During the evolution of bipedalism the hominin foot underwent a number of dramatic changes that converted it from a prehensile grasping organ to a strong propulsive lever. Among the features affected by these changes, those of the forefoot region have received much attention in comparative morphology studies due to their role in the push-off phase of bipedal walking1,2,3,4,5,6,7,8. The extant great ape forefoot is characterized by an abducent opposable hallux and metatarsal (MT) heads that are plantarly oriented in sagittal profile and dorsally narrow1,9,10,11,12. Additionally, the phalanges are long and curved, enabling them to resist the bending strains incurred during pedal grasping13. In contrast, the human forefoot is characterized by a permanently adducted hallux that is incapable of opposing the other digits and more dorsally oriented and mediolaterally broad metatarsal head articular surfaces. The phalanges of modern humans are short and straight and the proximal phalangeal bases demonstrate dorsal canting2,14,15,16,17.

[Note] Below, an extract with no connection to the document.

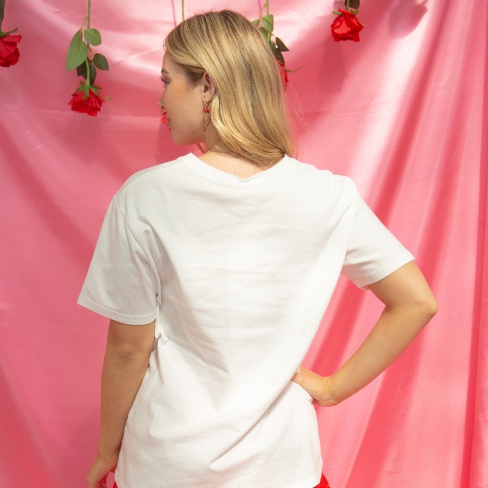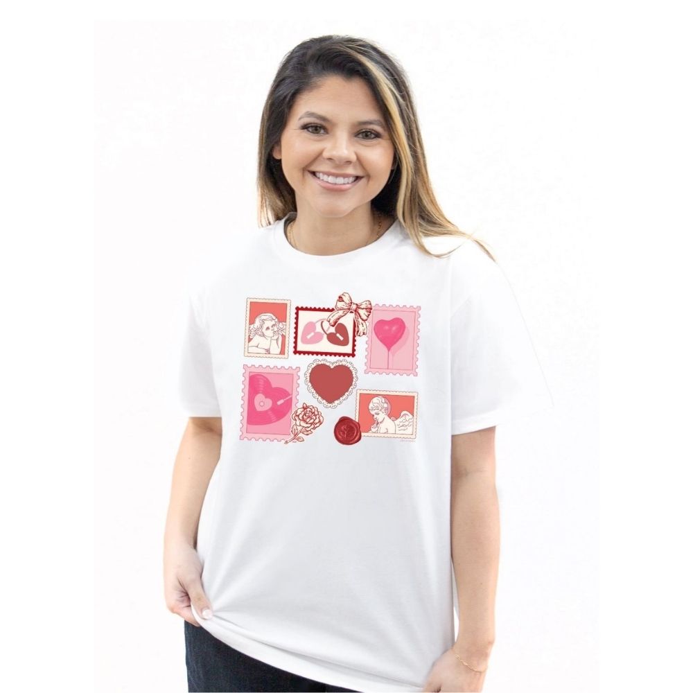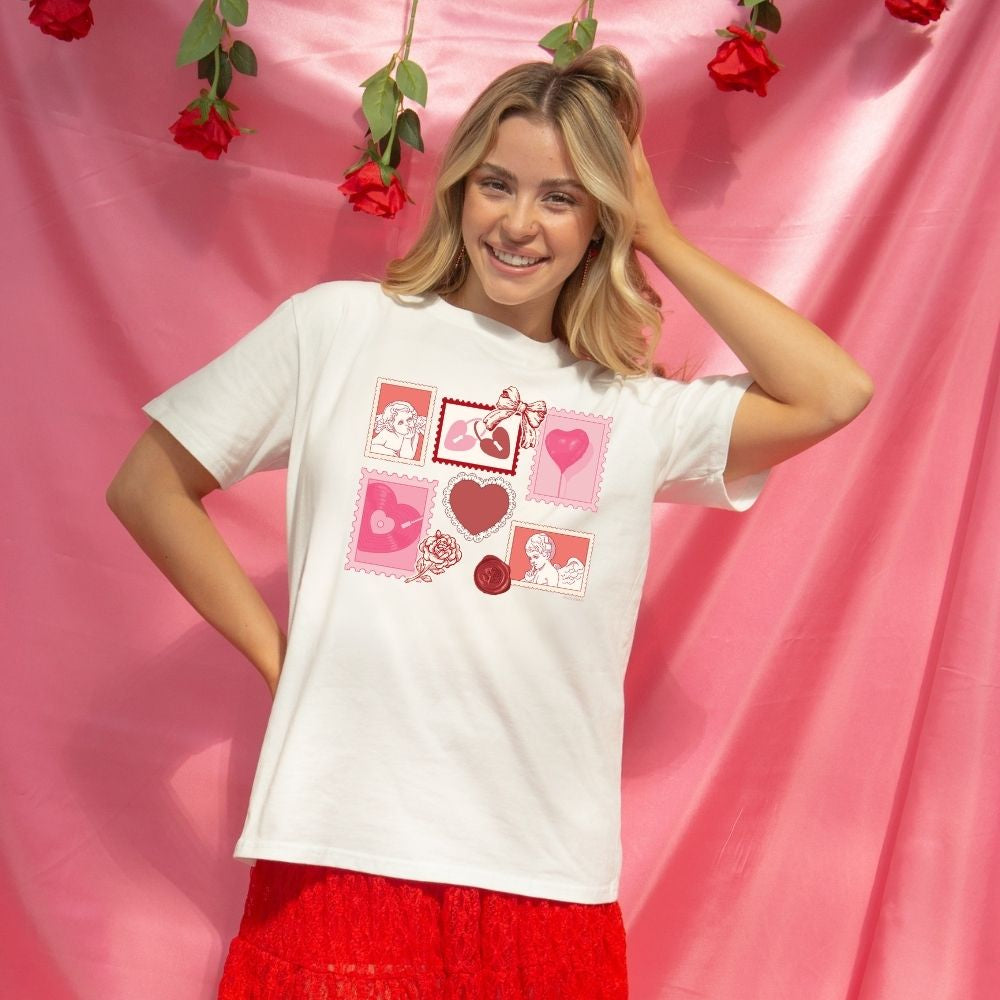 This classic white graphic tee features a charming Valentine-inspired collage of hearts and vintage stamp-style artwork that gives it a playful yet timeless feel. Easy to style and endlessly wearable, it adds personality to any casual look while still feeling soft, relaxed, and effortless.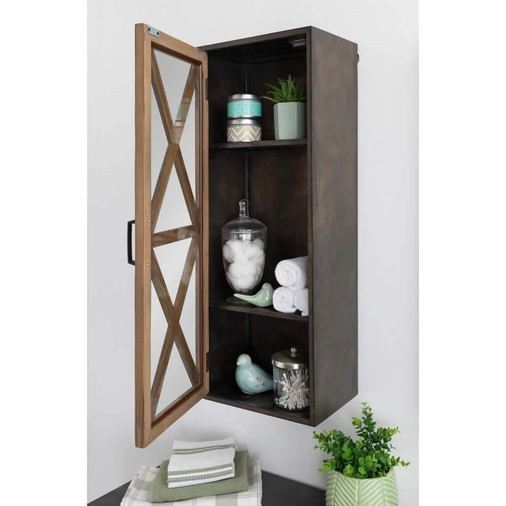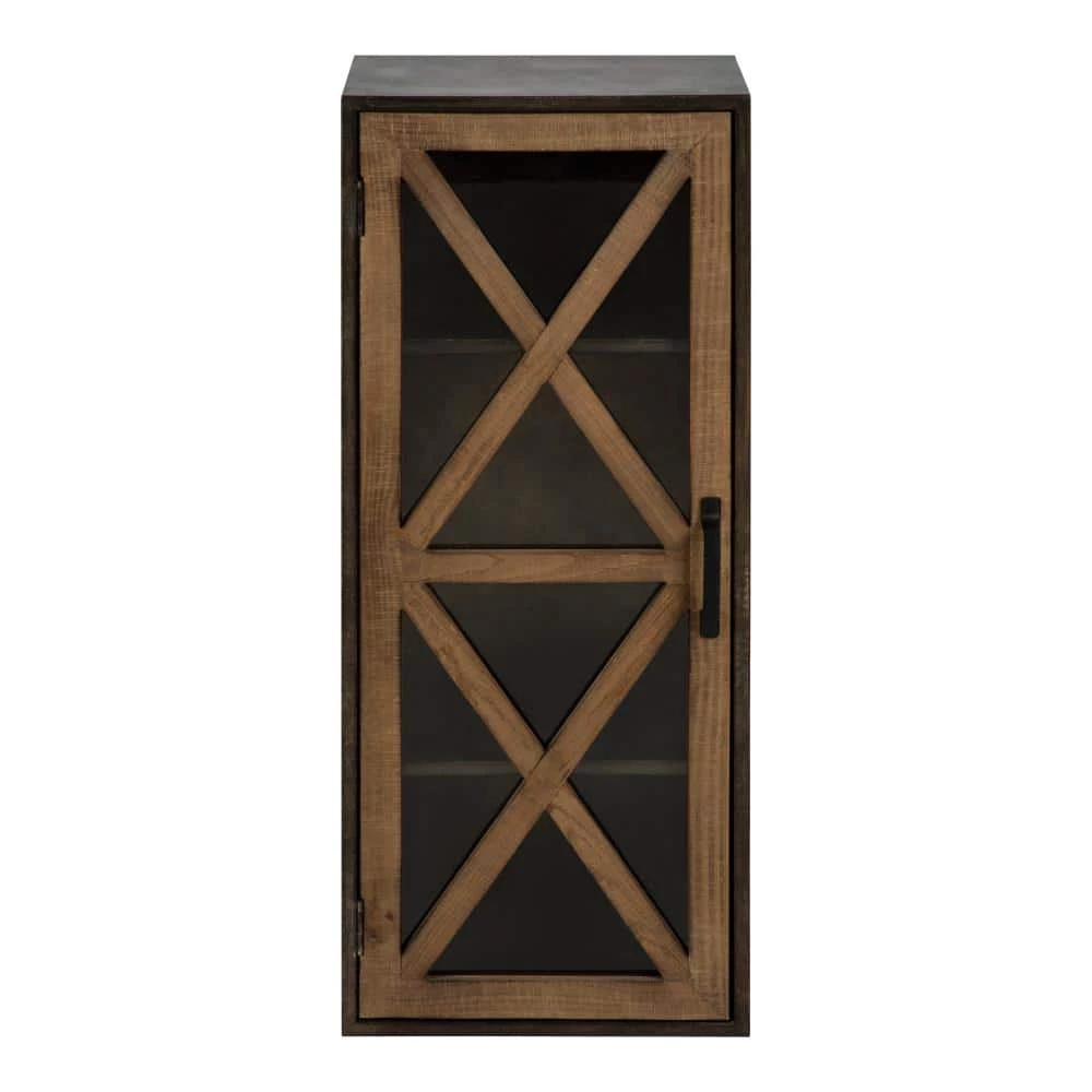 Save space in your home with this rustic farmhouse storage solution from Kate and Laurel. The Mace Floating Storage Cabinet adds a warm rustic edge to your home while storing your favorite books, DVDs, mail, photo frames, and more. This shelf has a warm, rustic brown finish on the surface of its front door, with a distressed bronze metal finish on the case. The door has a wood overlay with glass windows, plus a magnetic closure to prevent your items from falling. The cabinet has two inside shelves, with 8 in. of vertical space between the top and bottom shelves, and 13.25 in. of vertical space in the center, providing you ample room to store any media, books or small keepsakes within your home. It mounts in only a matter of seconds with metal keyhole hangers secured to the back. Better yet, with the versatile placement of these keyhole hangers, this floating storage unit is capable of being mounted both vertically and horizontally. Use the three inner shelves for storage and the top surface area for display. If you want to create a dynamic wall display, its heavily recommended that you purchase multiples.

The interfaces of the metatarsal heads and proximal phalangeal bases, the ellipsoidal metatarsophalangeal joints (MTPJs), allow plantarflexion for pedal grasping and dorsiflexion during push off. The dorsally oriented MT heads in the human forefoot are thought to increase the dorsiflexion range of motion (ROM) at the MTPJs18,19 by providing more dorsal articular surface area on which the proximal phalangeal base can slide. In humans, dorsiflexion at the MTPJs causes tightening of the plantar aponeurosis, which is a thick band of ligamentous tissue that originates from the calcaneal tuberosity and inserts distally on the proximal phalangeal bases. Tightening of this structure acts as a “windlass mechanism”20,21 that raises the longitudinal arch, providing midfoot stability and facilitating propulsive force production at push off 22. The plantar aponeurosis is only weakly developed in great apes and consequently these species are believed to lack a windlass mechanism1,11. Additionally, the more plantarly oriented MT head in great apes is hypothesized to increase plantarflexion ROM for arboreal pedal grasping8,18,23,24 at the expense of dorsiflexion ROM during push off on terrestrial substrates18,19,24.

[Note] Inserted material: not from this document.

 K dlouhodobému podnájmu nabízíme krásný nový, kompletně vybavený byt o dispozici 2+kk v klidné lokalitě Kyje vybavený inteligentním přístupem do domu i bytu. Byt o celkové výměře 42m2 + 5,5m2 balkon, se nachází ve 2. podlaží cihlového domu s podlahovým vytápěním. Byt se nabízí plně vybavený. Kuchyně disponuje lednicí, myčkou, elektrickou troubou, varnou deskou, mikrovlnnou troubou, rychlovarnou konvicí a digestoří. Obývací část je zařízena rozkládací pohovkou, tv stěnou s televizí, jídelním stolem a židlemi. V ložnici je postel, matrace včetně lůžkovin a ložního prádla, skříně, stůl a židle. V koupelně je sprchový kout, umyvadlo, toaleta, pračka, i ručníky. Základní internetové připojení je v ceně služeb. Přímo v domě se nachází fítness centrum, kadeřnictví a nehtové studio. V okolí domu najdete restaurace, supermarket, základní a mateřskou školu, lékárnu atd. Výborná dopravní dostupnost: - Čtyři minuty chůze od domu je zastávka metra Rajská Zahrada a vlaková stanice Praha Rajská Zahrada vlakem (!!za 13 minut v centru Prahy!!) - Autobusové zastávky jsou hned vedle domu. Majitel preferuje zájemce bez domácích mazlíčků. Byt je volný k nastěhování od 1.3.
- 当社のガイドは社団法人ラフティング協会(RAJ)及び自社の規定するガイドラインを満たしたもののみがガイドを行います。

The mediolaterally expanded dorsal MT head in humans has been argued to enhance joint stability under increased loads during push off from highly dorsiflexed MTPJs8,23,25,26,27. Dorsal mediolateral expansion of the MT heads also allows for close-packing of the MTPJs by tightening the collateral MTP ligaments when the joints are in dorsiflexed postures27,28,29. In the close-packed position the appositional surfaces of the MT head and proximal phalangeal base are maximized and the tightening of collateral ligaments limits joint motion outside of the sagittal plane, increasing joint stability when maximum joint congruency is achieved23,28. This same mechanism is hypothesized to close-pack the great ape MTPJs in plantarflexion for increased stability during pedal grasping.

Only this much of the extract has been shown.